Facing a future of necessary change

Recommendations

  • Create local communities where Japanese residents live in harmony with foreign residents.
  • Prevent international crimes which threaten daily life, through cooperation among Asian countries.
  • The International Migration Team of The Asahi Shimbun Asia Network (AAN) has conducted research, in cooperation with leading academics, on Japan's course in an age when cross-border migration is a rapidly developing trend in Asia.

    Against this backdrop, it is clear that Japan must transform its regional and industrial policies in order to live in harmony with its Asian neighbors, and bring about mutual benefits.

    Today, there are 670,000 foreign workers living in Japan, excluding permanent residents and spouses of Japanese. However, when they encounter problems raising children, discrimination in finding housing, or caring for the elderly, they often have no one to turn to for help despite the fact that those - who work here pay taxes just as Japanese citizens do.

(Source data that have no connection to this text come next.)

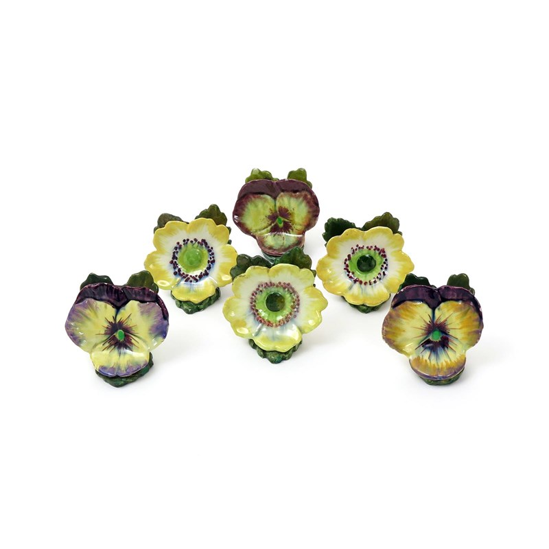 Six Continental Majolica menu holders late 19th/20th century, probably Delphin Massier, each modelled as a large flowerhead, three pansies and three peonies, some restoration, 7.5cm. (6)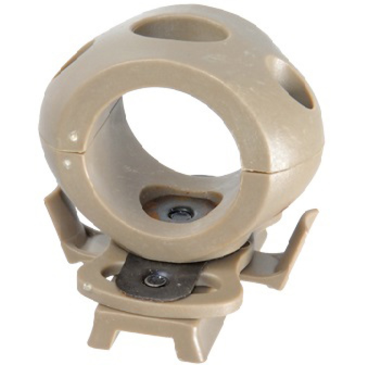 Mounts onto helmets for standard helmet accessories such as flashlights, lasers, and other 1.2 diameter accessories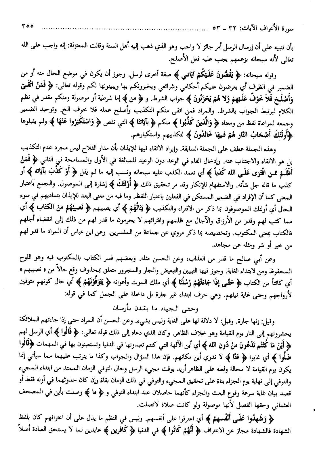 وقوله سبحانه: يَقُصُّونَ عَلَيْكُمْ آياتِي صفة أخرى لرسل. وجوز أن يكون في موضع الحال منه أو من الضمير في الظرف أي يعرضون عليكم أحكامي وشرائعي ويخبرونكم بها ويبينونها لكم وقوله تعالى: فَمَنِ اتَّقى وَأَصْلَحَ فَلا خَوْفٌ عَلَيْهِمْ وَلا هُمْ يَحْزَنُونَ جواب الشرط. ومن إما شرطية أو موصولة ومنكم مقدر في نظم الكلام ليرتبط الجواب بالشرط. والمراد فمن اتقى منكم التكذيب وأصلح عمله فلا خوف إلخ. وتوحيد الضمير وجمعه لمراعاة لفظ من ومعناه وَالَّذِينَ كَذَّبُوا منكم بِآياتِنا التي تقص وَاسْتَكْبَرُوا عَنْها ولم يقبلوها أُولئِكَ أَصْحابُ النَّارِ هُمْ فِيها خالِدُونَ لتكذيبهم واستكبارهم.
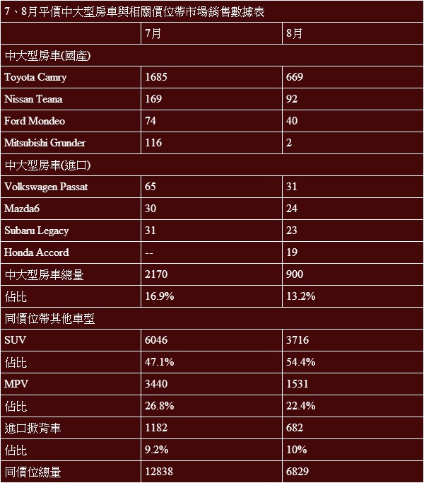 不過,事實真是如此嗎?在這個月初整理8月份市場銷售數據,以及稍早進行平價中大型房車集評時,我們發現中大型房車相對於整體市場來說,似乎越來越不具重要性,從下方整理表格中數據,我們找出相對較主流品牌車款計算,台灣市場8月份國產加進口中大型房車總共只賣出900輛,要知道,這裡頭可包含了Camry、Teana、Mondeo、Grunder等國產車以及Passat、Mazda6、Legacy、Accord等進口車,每一款想當年都是賣得嚇嚇叫的車款,現在除了Camry以外卻沒有一款擁有銷量破百的能耐(甚至除了Teana的92輛外,其他都賣不超過40輛),就連Camry也僅有669輛的實力,要知道8月份儘管受制民俗月,銷售數量因此受到嚴重影響,然而該月份單就國產中大型房車而言僅佔全國汽車總銷售量的3.8%,由此數據就可知道中大型房車有多不受市場喜愛。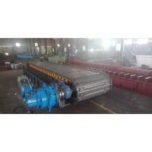 其次,重型板式給料機堅固耐用、使用壽命長,維修量小,開停機方便,運行穩(wěn)定可靠。該機常用在原料倉底部,由于可直接承受礦倉中礦石的巨大壓力,原料礦倉可適當做的大一些,可儲存較多礦石,保證給料均勻平穩(wěn),后續(xù)破碎工作運行可靠,有利于保護后續(xù)設備的正常運轉(zhuǎn),不會出現(xiàn)瞬間斷料或瞬間溢料的情況。在水泥礦山中此設備常傾斜安裝,最大傾角已經(jīng)可達到25°,這就使給料機所承受的物料的重量在沿給料機長度方向上產(chǎn)生一個分力, 從而給料機實際承受的物料壓力遠小于物料實際的重力,大大減輕了給料機的負荷。由于給料機安裝傾角較大,一方面在設備開停機時,可以保證倉內(nèi)的礦石不會順著給料機料槽滾落到破碎機中;另一方面,設備工藝配置上可減小高差,在生產(chǎn)線選址時,場地適應性更強,并可避免原料卸礦平臺過高,而使原礦向高處輸送,增加輸送成本。
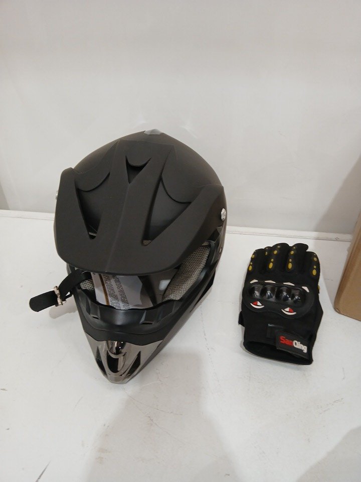 SanQing Motocross Helmet Adult &Youth Trend Full Face Protective HelmeT WITH MOTORCROSS GOLVES - MEDIUM - BLACK (MODEL: YYK-YH)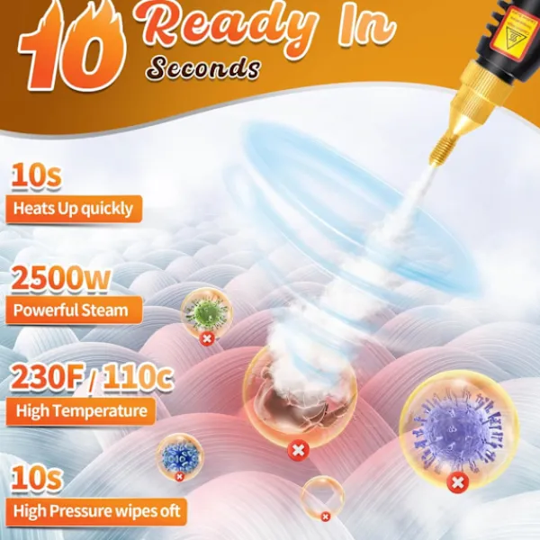 ??【2500W Hög temperatur & tryckångrengörare】 Ångrengörarens arbetseffekt är 2500W, den värms upp snabbt inom 15 sekunder och når 221°F/105°C, vilket är superkraftfullt och enkelt och grundligt kan lossa och lösa upp smuts, skära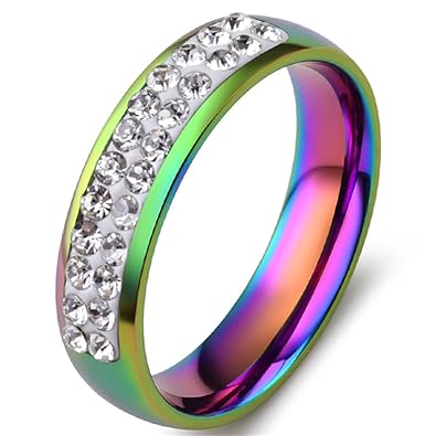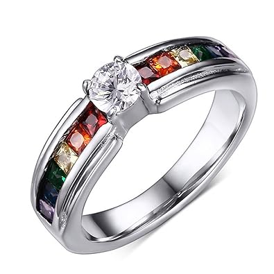 Rainbow Cz Pave Set Lgbt Jewelry Wedding Band Ring Womens Lesbian Pride

    There is an urgent need to build local communities where foreigners can live in harmony with their neighbors, instead of being turned away as ''different.''

    In an effort to entice information technology (IT) specialists from India to come to Japan, the government has decided to make it easier for them to acquire visas. However, this alone is not enough to attract high-tech talent to Japan. Conditions such as a Silicon Valley-style industrial cluster, and guarantees of a comfortable lifestyle, must be created, or Japan risks becoming a faint shadow on the map of international migration for IT ''brains.''

    But there is a negative aspect to the age of international migration, since criminals, too, find it easy to cross borders. Drug trafficking and other dangerous international crimes must therefore be combated through cooperation with other Asian countries.